POWER TRANSMISSION SYSTEMS WITH COiSTINUOUSLY VARIABLE RATIO This invention relates to a method of transmitting power between two rotating axles, with the ratio of input to output rotational speeds being continuously variable and naturally selected.

Whenever power needs to be transmitted between rotating axles, the varying conditions of operation which can occur generally dictate a requirement that the transmission system should provide different ratios of input to output rotational speeds. The traditional method of providing this is via a gearbox which can provide a number of discrete ratios, selected manually or automatically. Such transmission systems do have disadvantages and inefficiencies, one example being that, in any particular ratio, acceleration cannot generally be achieved on the output side without varying the power delivery on the input side. Also, in many situations, the most suitable ratio for efficient operation may not be available.It has for some time been understood that the ideal transmission system should provide a continuously variable ratio which could permit output acceleration with constant power delivery at input, as well as free selection of a range of ratios.

Many attempts have been made to design continuously variable transmission systems, usually avoiding the use of gears, which may seem to provide only discrete ratios, and often employing some form of frictional contact between moving surfaces and methods of varying the relevant radii of rotation at contact. Such designs have created problems of excessive frictional losses or limited power handling capacity which have usually prevented their full development or widespread implementation. Other designs based on hydraulics lead to problems of excessive pressure and high pumping losses. What is probably required is a design based on the action of meshing gears, as this is a well established and reliable technology which presents few problems in frictional losses due to meshing and can cope with high power transmission.

Epicyclic or planetary gear trains are regularly employed in the automatic gearboxes of some motor vehicles, usually offering three or four discrete forward ratios, plus reverse. Such gearing is known to be quite reliable and durable and does permit high power transmission. The present invention utilises this existing technology in a different way and provides a transmission system with a continuously variable ratio which will naturally select a ratio to suit prevailing conditions, as well as allowing the ratio to vary during operation.

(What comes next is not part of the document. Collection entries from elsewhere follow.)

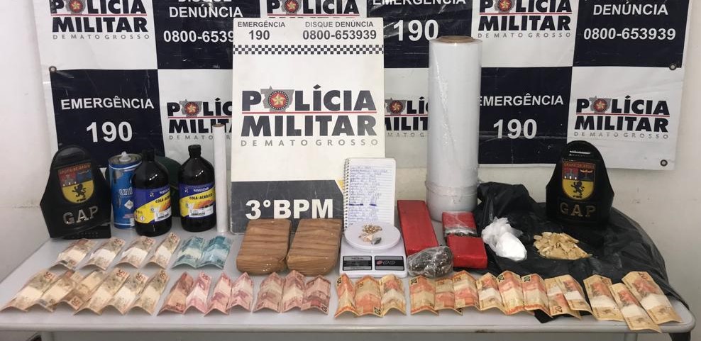 Policiais militares do 3º Batalhão apreenderam, nesta terça-feira (11.07), quase três quilos de pasta base, dois quilos de maconha, duas porções de cocaína e skank, além de produtos para embalagem dos entorpecentes, no bairro Pedregal, em Cuiabá. Um jovem, de 20 anos, foi preso em flagrante por resistência e tráfico de drogas.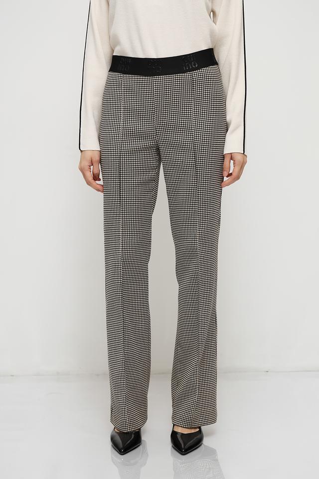 Женские брюки Oui классического кроя, выполнены в чёрно-белую клетку. Модель с эластичным поясом и широкими штанинами обеспечит комфорт и элегантный образ. Состав: полиэстер 44%, переработ.полиэстер 29%, вискоза 24%, эластан 3%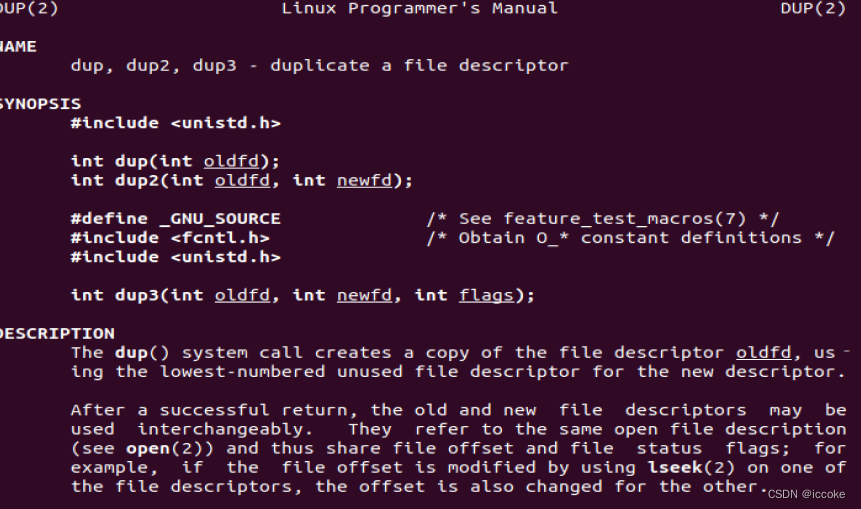 返回值:成功时将返回一个新的文件描述符,由操作系统分配,分配置原则遵循文件描述符分配原则;如果复制失败将返回-1,并且会设置 errno 值。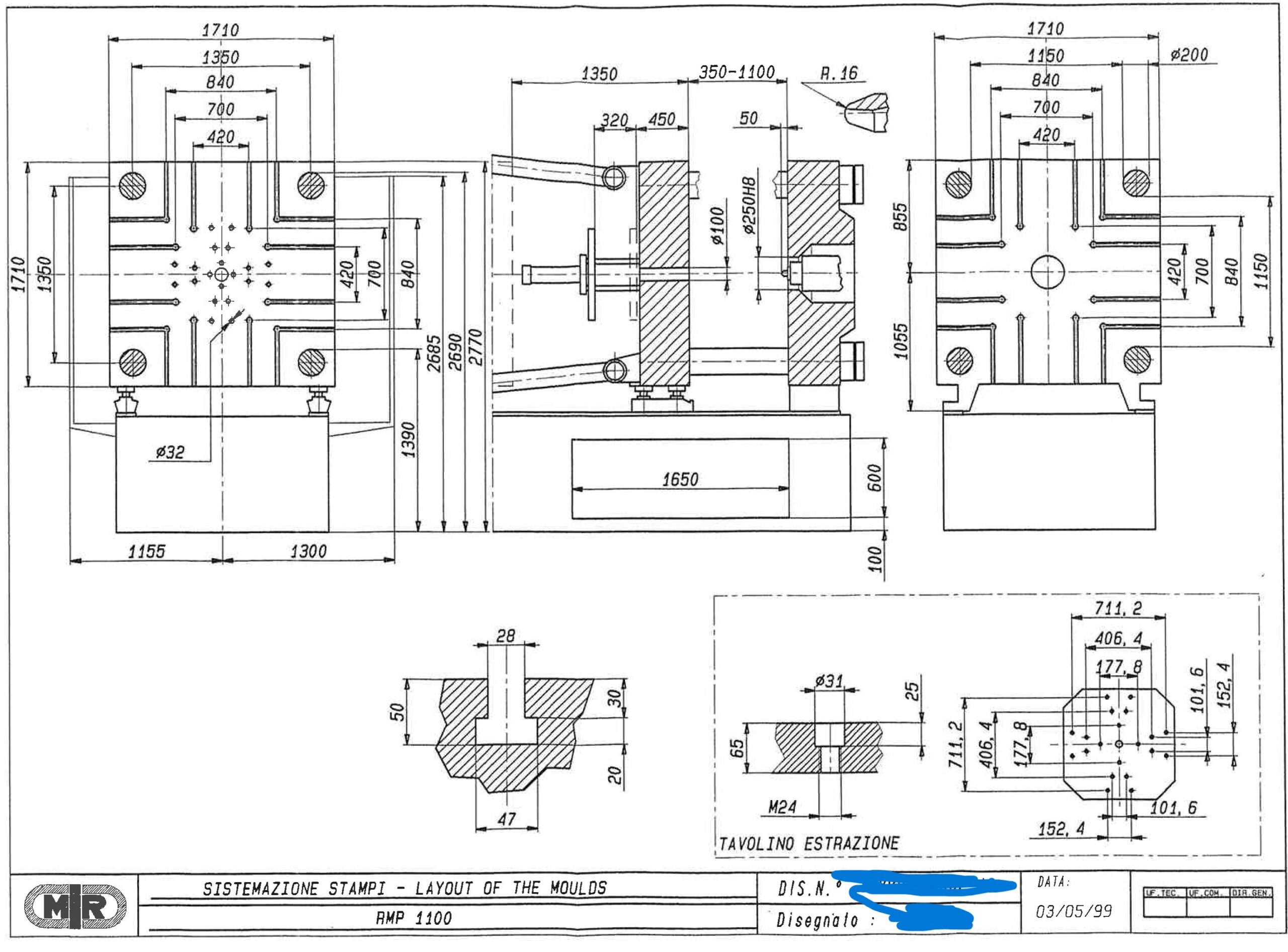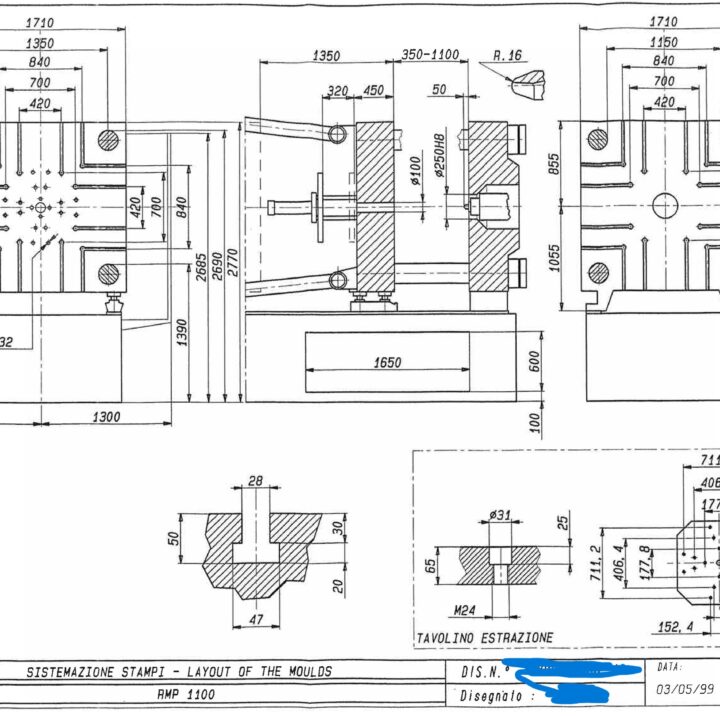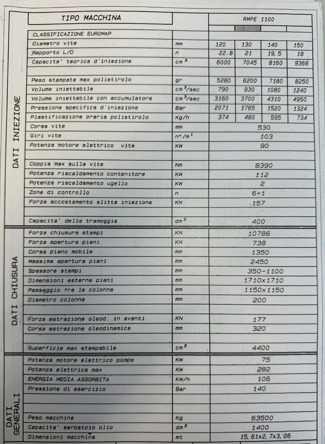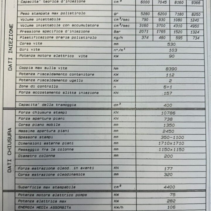 Pressa iniezione MIR 1100 tonnellate anno 2000, 1100 Ton, capacità 7500cm3, diametro vite 130mm passaggio colonne 1150×1150 90kw. La macchina è completa di Robot Engel che verrà ceduto congiuntamente, e si includono i soppalchi: La pressa è al momento allacciata e funzionante, e si dismette per l’acquisto della nuova entro fine gennaio 2025 lo slacciamento.

According to the present invention there is provided a power transmission system with continuously variable ratio comprising two sets of epicyclic or planetary gears, each set of epicyclic gears consisting of a central sun gear and an outer ring gear which can rotate about the same axis of rotation as that of the sun gear, the outer teeth of the sun gear and the inner teeth of the ring gear meshing with the teeth of at least one but preferably two or more planet gears which are radially disposed around the sun gear and have axles supported by a planet carrier which can itself rotate about the comm.Dn axis of rotation of the sun and ring gears, power being transmitted via the rotation of the sun gear, ring gear and planet carrier for each set of epicyclic gears, wherein for the first set of epicyclic gears one such rotation is used for the input of power with the other two rotations being transmitted, either directly or via suitable intermediate gearing, to two of the three coaxially rotating elements, the sun gear, ring gear and planet carrier, in the second set of epicyclic gears with the third such rotation being used for output from the transmission.

Many variations are possible within the scope of the invention as claimed. Power input could be via any one of the three axles in the first set of epicyclic gears and, equally, output could come from any of the three axles in the second set of epicyclic gears.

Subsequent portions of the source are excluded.